======== Supplied records ========

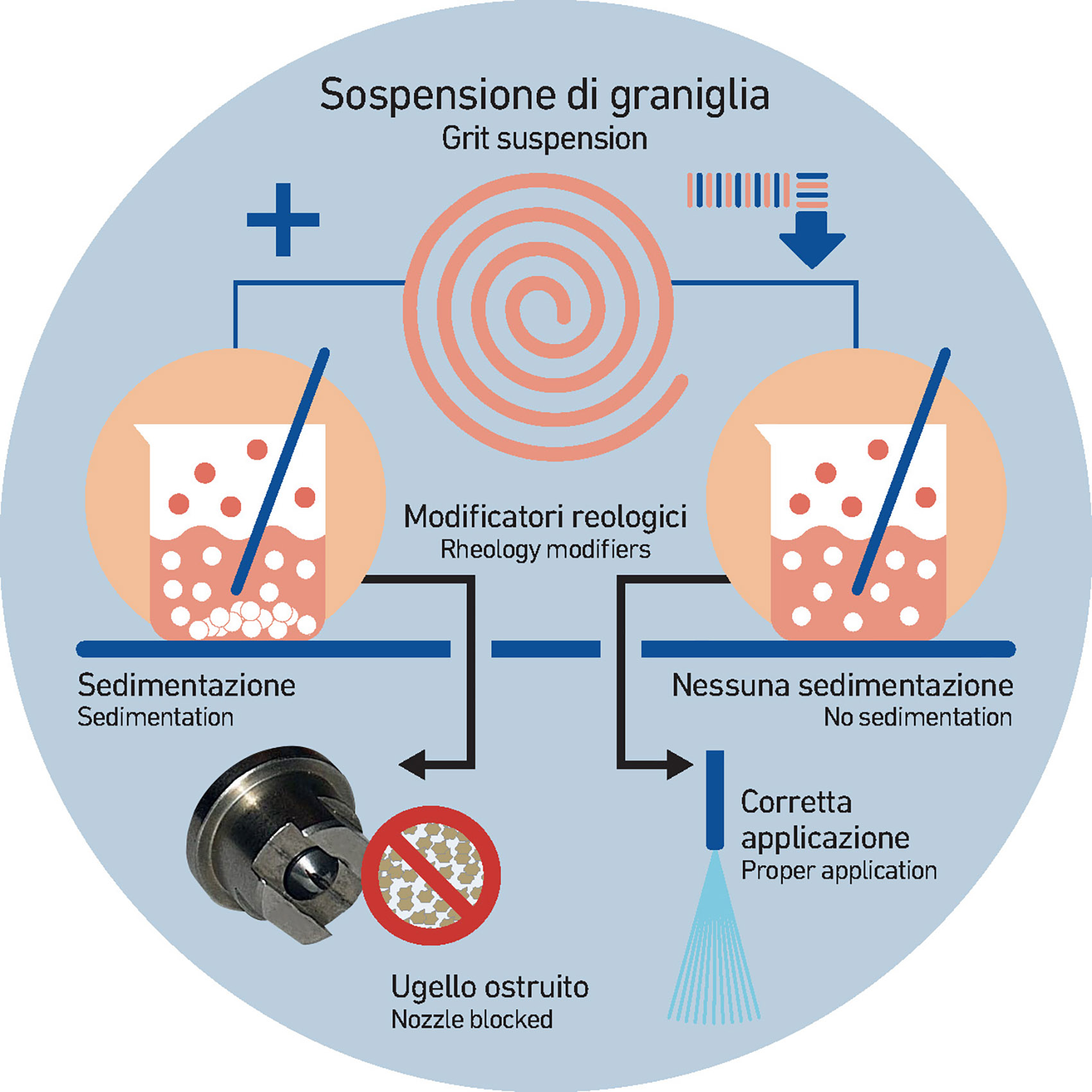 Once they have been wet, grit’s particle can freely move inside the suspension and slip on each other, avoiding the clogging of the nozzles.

========
======== Supplied records ========

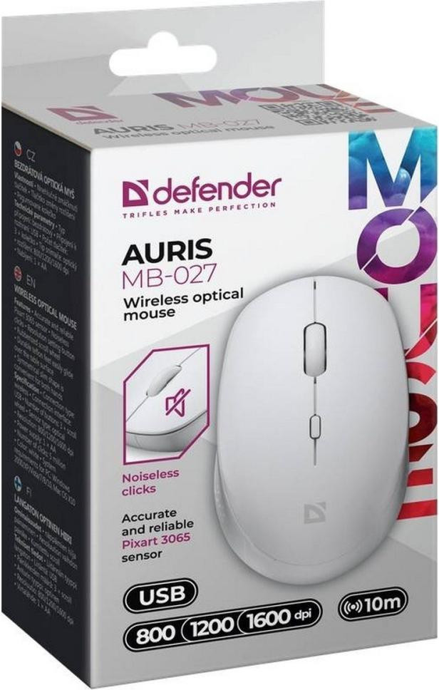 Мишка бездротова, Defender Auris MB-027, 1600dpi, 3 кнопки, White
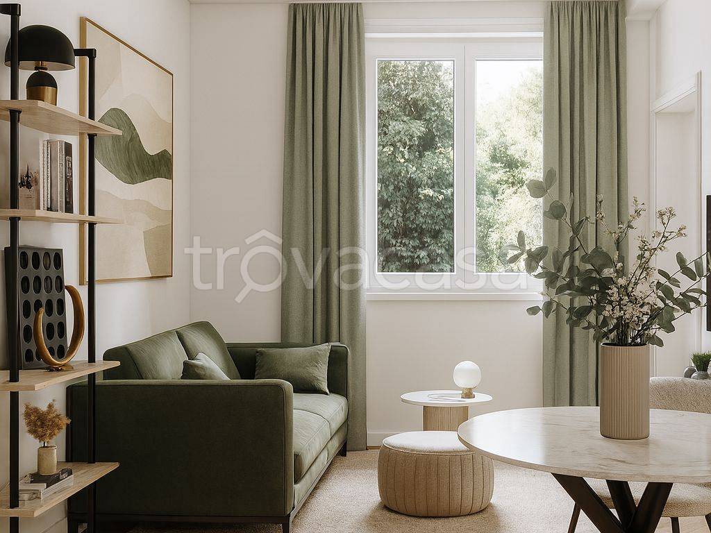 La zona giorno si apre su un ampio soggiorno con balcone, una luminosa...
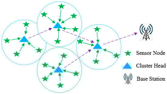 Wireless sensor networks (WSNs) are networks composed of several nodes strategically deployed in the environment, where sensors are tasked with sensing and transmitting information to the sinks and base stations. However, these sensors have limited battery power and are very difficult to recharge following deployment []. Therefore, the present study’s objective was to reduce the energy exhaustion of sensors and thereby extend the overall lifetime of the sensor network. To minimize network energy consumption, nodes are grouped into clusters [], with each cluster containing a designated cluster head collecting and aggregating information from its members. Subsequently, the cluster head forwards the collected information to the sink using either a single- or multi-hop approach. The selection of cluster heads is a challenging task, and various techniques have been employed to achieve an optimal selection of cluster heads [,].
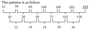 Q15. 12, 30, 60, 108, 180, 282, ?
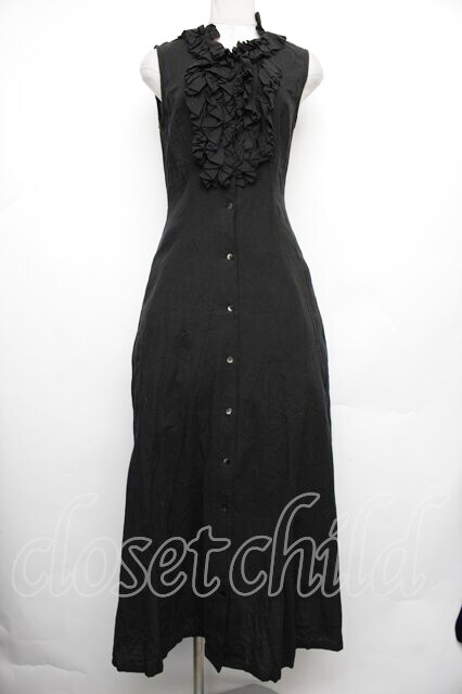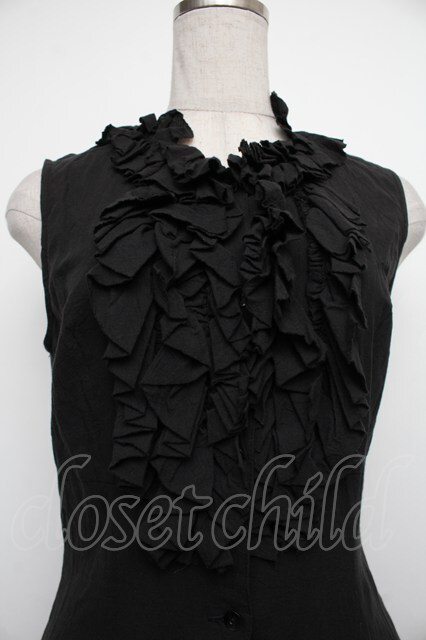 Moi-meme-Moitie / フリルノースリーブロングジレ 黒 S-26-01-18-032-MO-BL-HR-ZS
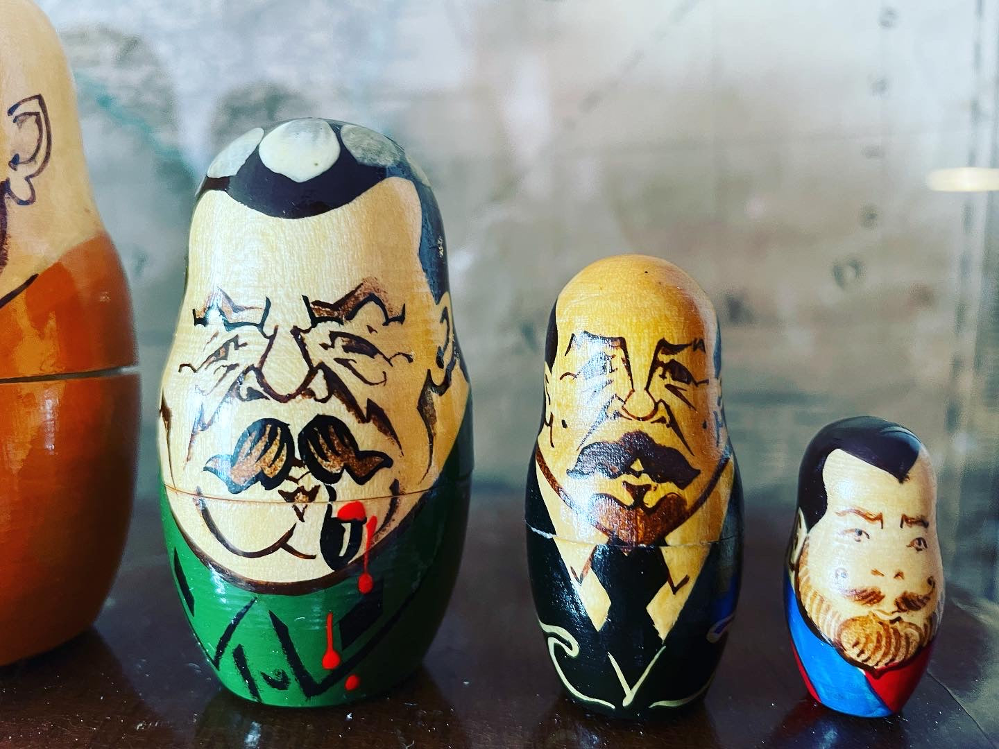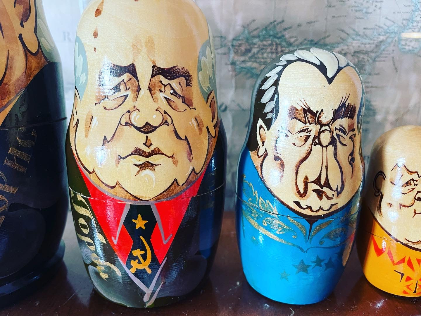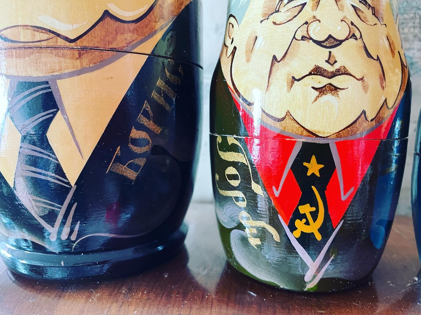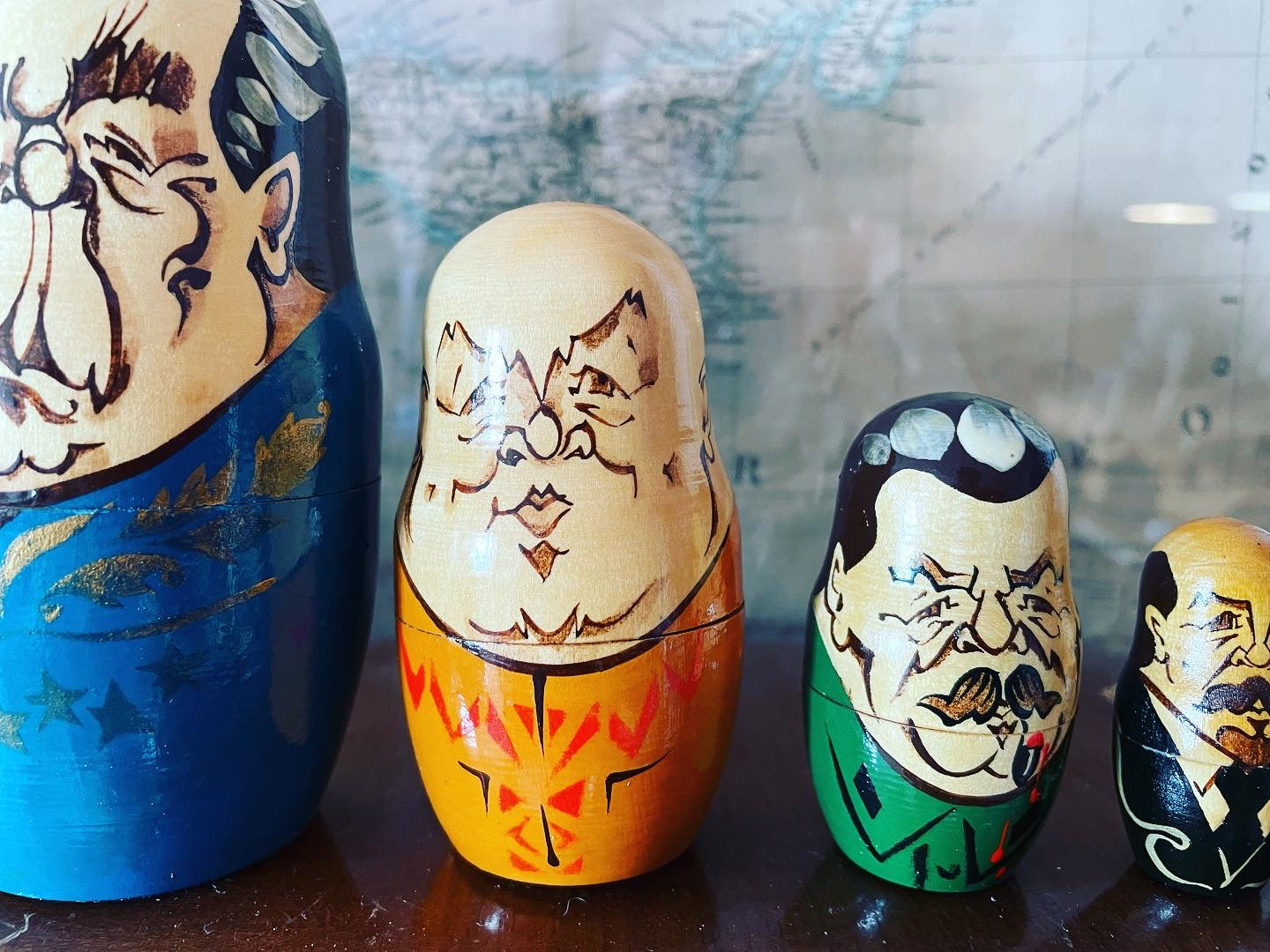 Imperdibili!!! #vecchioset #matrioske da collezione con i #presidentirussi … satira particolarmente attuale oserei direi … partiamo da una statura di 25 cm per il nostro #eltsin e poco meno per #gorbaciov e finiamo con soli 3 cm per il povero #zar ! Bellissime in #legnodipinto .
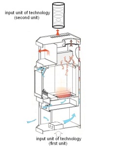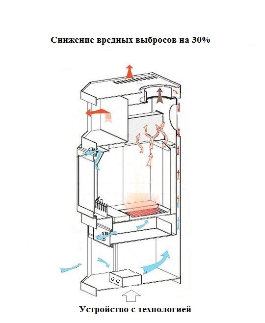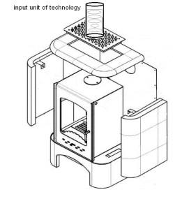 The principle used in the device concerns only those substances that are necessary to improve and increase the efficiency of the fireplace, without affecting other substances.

========

Exercise
Out of the records above, please copy exactly the lines from the line with "Мишка бездротова, Defender" up to and including the line with "Moi-meme-Moitie / フリルノースリーブロングジレ", minus the pictures.

Result of this task
 Мишка бездротова, Defender Auris MB-027, 1600dpi, 3 кнопки, White
 La zona giorno si apre su un ampio soggiorno con balcone, una luminosa...
 Wireless sensor networks (WSNs) are networks composed of several nodes strategically deployed in the environment, where sensors are tasked with sensing and transmitting information to the sinks and base stations. However, these sensors have limited battery power and are very difficult to recharge following deployment []. Therefore, the present study’s objective was to reduce the energy exhaustion of sensors and thereby extend the overall lifetime of the sensor network. To minimize network energy consumption, nodes are grouped into clusters [], with each cluster containing a designated cluster head collecting and aggregating information from its members. Subsequently, the cluster head forwards the collected information to the sink using either a single- or multi-hop approach. The selection of cluster heads is a challenging task, and various techniques have been employed to achieve an optimal selection of cluster heads [,].
 Q15. 12, 30, 60, 108, 180, 282, ?
 Moi-meme-Moitie / フリルノースリーブロングジレ 黒 S-26-01-18-032-MO-BL-HR-ZS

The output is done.